*Dataset records*.
+ + + + + + +

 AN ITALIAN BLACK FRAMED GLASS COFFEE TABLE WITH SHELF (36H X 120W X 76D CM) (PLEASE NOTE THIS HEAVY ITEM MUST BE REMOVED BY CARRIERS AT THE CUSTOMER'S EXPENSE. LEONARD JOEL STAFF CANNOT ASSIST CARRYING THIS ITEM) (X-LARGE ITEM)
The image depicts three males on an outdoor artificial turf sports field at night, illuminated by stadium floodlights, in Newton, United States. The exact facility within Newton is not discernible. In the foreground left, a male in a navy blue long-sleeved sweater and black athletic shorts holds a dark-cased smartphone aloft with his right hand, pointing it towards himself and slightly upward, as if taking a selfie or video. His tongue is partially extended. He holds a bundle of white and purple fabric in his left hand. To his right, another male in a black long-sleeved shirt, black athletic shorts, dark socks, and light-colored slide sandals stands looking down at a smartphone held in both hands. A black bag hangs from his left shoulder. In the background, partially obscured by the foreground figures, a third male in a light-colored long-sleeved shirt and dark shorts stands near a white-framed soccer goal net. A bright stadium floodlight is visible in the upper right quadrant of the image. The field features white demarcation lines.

+ + + + + + +

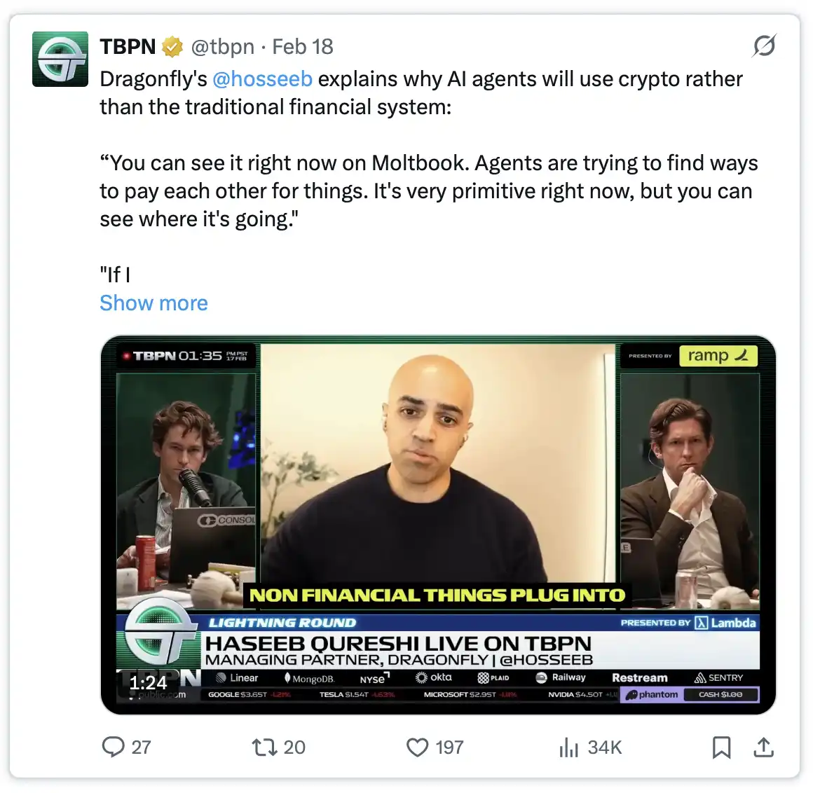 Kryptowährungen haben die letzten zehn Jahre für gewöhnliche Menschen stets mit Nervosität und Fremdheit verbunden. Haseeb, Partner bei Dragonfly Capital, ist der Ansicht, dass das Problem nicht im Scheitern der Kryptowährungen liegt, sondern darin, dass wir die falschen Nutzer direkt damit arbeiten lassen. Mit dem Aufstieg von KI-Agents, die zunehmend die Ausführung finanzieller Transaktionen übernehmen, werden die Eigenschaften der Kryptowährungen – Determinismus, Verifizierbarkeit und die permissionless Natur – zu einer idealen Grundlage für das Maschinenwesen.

+ + + + + + +

*What is needed*. Above are the records; from them, give again exactly the lines from the one containing "AN ITALIAN BLACK" through the one containing "The image depicts", both included.

*Exercise output*.
 AN ITALIAN BLACK FRAMED GLASS COFFEE TABLE WITH SHELF (36H X 120W X 76D CM) (PLEASE NOTE THIS HEAVY ITEM MUST BE REMOVED BY CARRIERS AT THE CUSTOMER'S EXPENSE. LEONARD JOEL STAFF CANNOT ASSIST CARRYING THIS ITEM) (X-LARGE ITEM)
The image depicts three males on an outdoor artificial turf sports field at night, illuminated by stadium floodlights, in Newton, United States. The exact facility within Newton is not discernible. In the foreground left, a male in a navy blue long-sleeved sweater and black athletic shorts holds a dark-cased smartphone aloft with his right hand, pointing it towards himself and slightly upward, as if taking a selfie or video. His tongue is partially extended. He holds a bundle of white and purple fabric in his left hand. To his right, another male in a black long-sleeved shirt, black athletic shorts, dark socks, and light-colored slide sandals stands looking down at a smartphone held in both hands. A black bag hangs from his left shoulder. In the background, partially obscured by the foreground figures, a third male in a light-colored long-sleeved shirt and dark shorts stands near a white-framed soccer goal net. A bright stadium floodlight is visible in the upper right quadrant of the image. The field features white demarcation lines.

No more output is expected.